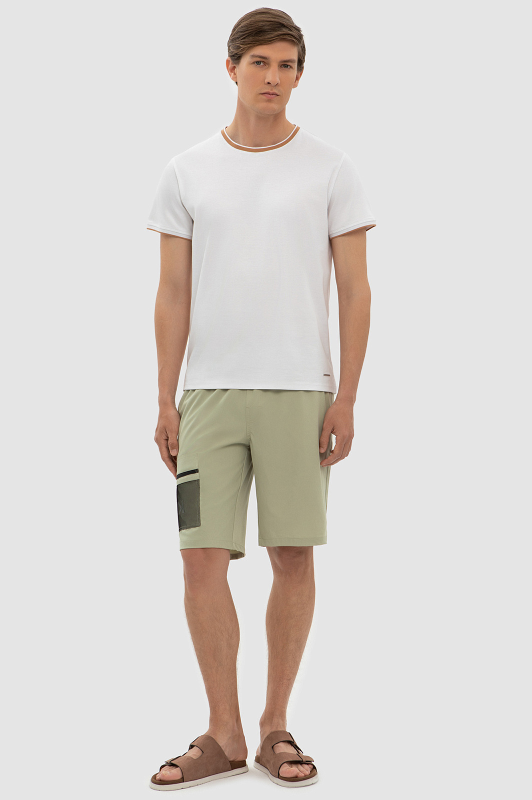 Универсальные плавательные шорты KANZLER длиной чуть выше колена – оптимальная модель для отдыха и путешествий, которая подходит абсолютно всем. Для пошива модели припыленного оттенка хаки дизайнеры марки использовали прочный смесовый материал на основе полиэстера, который не раздражает кожу и не прилипает к ногам во время купания. В состав добавили спандекс для лучшей посадки по фигуре и эластичности изделия. Широкий пояс-кулиска помогает отрегулировать посадку изделия на талии и отвечает за комфорт. В качестве декора - акцентный карман-сетка и брендированные элементы на боковом кармане и сзади. Приятный к телу материал не впитывает воду и быстро сохнет. Шорты обеспечат комфорт во время отдыха и на пляже или возле бассейна. Параметры модели: рост 191, 97-77-99 Размер на модели: M
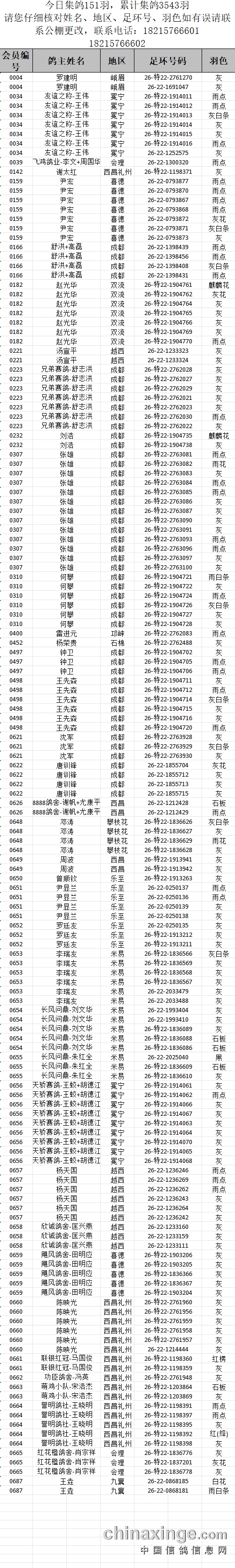 提示:如果此页面是训放清单,要想快速查询鸽环号,请按
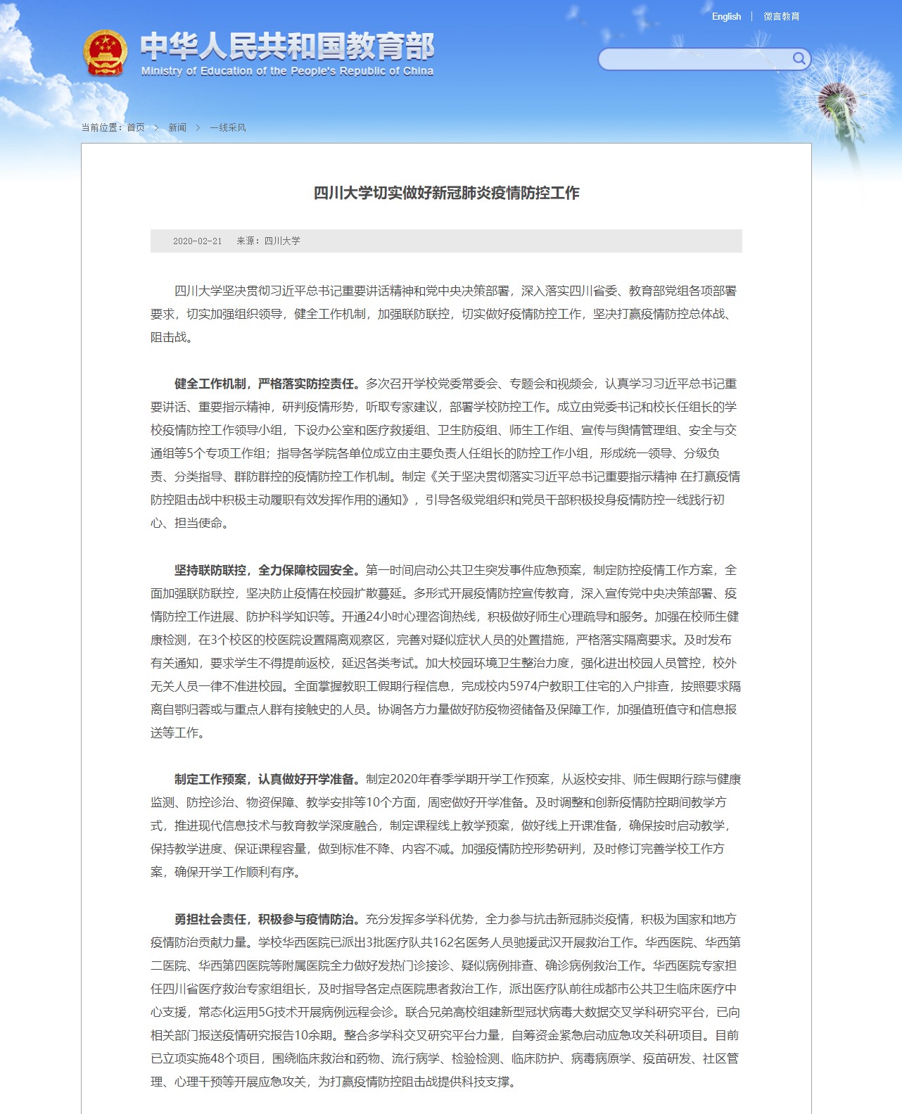 编者按:自新型冠状病毒感染的肺炎疫情发生以来,我校高度重视疫情防控工作,坚持“疫情就是命令,防控就是责任”,认真贯彻落实习近平总书记对疫情防控工作的重要指示精神和教育部、四川省、成都市有关疫情防控工作方面的重大部署,按照坚定信心、同舟共济、科学防治、精准施策要求,全面加强疫情防控工作,坚决打赢疫情防控狙击战。2020年2月21日,教育部网站“一线采风”栏目以《122cc太阳集成游戏切实做好新冠肺炎疫情防控工作》为题,对我校积极做好疫情防控工作进行了报道。以下是报道全文:

> Exercise prompt: Repeat the listing above from its first line through the line that contains "提示:如果此页面是训放清单,要想快速查询鸽环号,请按", both included, and nothing more. Drop the pictures.

> Answer to this exercise:
 Универсальные плавательные шорты KANZLER длиной чуть выше колена – оптимальная модель для отдыха и путешествий, которая подходит абсолютно всем. Для пошива модели припыленного оттенка хаки дизайнеры марки использовали прочный смесовый материал на основе полиэстера, который не раздражает кожу и не прилипает к ногам во время купания. В состав добавили спандекс для лучшей посадки по фигуре и эластичности изделия. Широкий пояс-кулиска помогает отрегулировать посадку изделия на талии и отвечает за комфорт. В качестве декора - акцентный карман-сетка и брендированные элементы на боковом кармане и сзади. Приятный к телу материал не впитывает воду и быстро сохнет. Шорты обеспечат комфорт во время отдыха и на пляже или возле бассейна. Параметры модели: рост 191, 97-77-99 Размер на модели: M
 提示:如果此页面是训放清单,要想快速查询鸽环号,请按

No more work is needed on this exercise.